We were told to drop off our luggage and make ourselves comfortable at “La Maison” up the road, which actually turned out to be up a very steep hill. Nixon’s car shuddered and sputtered all the way up, but we made it through the gates, guarded by gunmen with Alsatians at their side. Architects For Humanity take their security seriously, apparently.

The tops of the walls were all covered with impaling pieces of broken glass and bottles – to prevent potential intruders from climbing over. “This looks cozy” said Marc nervously.

Inside the house was a different story, however. A huge house situated on the side of a hill overlooking a valley, the views were stunning and the place felt snug and welcoming. The housekeeper gave us a tour of the multitude of rooms, both upstairs and downstairs, before settling us into the storeroom in the basement. Actually, it sounds bad, but really isn’t – plus, the upside of rooming with a wireless communication company is that the Wi-Fi rocks.

Mosquito nets dangle over every bunk and the bathroom has a shower curtain instead of a door, but it all adds to the charm. The mosquito nets should have served as an advance warning, however – Marc and I are already eaten alive.

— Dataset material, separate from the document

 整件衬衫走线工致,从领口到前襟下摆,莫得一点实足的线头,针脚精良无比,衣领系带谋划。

After a refreshing cold shower and an improvised canned tuna and olives lunch, we set off with Nixon again to see one of the largest refugee camps in the city.

Situated right across from the Canadian embassy, “tent city” as it’s known, is a heartbreaking sight. A horrible mess of plastic sheets on sticks with “generously donated by the American people” stamped on them goes on for as far as the eye can see.

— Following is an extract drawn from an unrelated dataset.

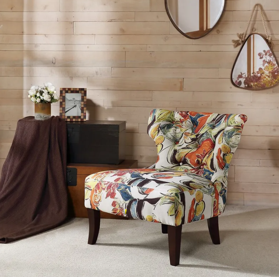 The Erika Accent Chair is a standout example of this trend’s staying power. Upholstered in a chic printed fabric, this armless accent chair features a low back and attached cushion that feels modern and approachable. Solid wood legs ground the design, while the eye-catching pattern brings instant visual interest. It’s an ideal way to introduce bold print into a living room while maintaining a curated, contemporary look.

Barefooted, malnourished children pick their way through rubbish, stones and dead animals – in what our guide tells us is “a very well organized camp.”

Oxfam has a base there. But we’re told most of the 50,000 to 70,000 people in the camp subside on just one paltry meal a day. There’s barely any medical treatment, and just one school. Aid, we’re told, is being slowly siphoned away, as the fickle west turns its back on Haiti in favor of more trendy causes. Soon, the camp’s residents, almost all of whom are unemployed, will have to start paying for clean water too. Most won’t be able to.

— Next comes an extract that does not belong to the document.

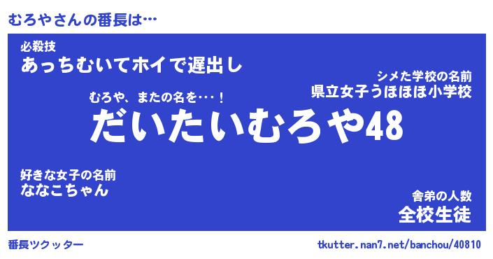 | ヒーロー風カッコイイあだ名 | 『スーパームロヤ』『ウルトラむろやマン』 |

As darkness fell, we made our way back to the house and had a dinner of salt fish and rice with the rest of the crew. Tomorrow, La Maison will be hosting its one year anniversary party. After such an emotional day it’s hard to imagine a party tomorrow night, but for the volunteers who work tirelessly here day after day, it’s probably the only way to really blow off some steam.

It’s getting late here and we have a full day tomorrow, so before I pull down my mosquito net, I wish you all goodnight.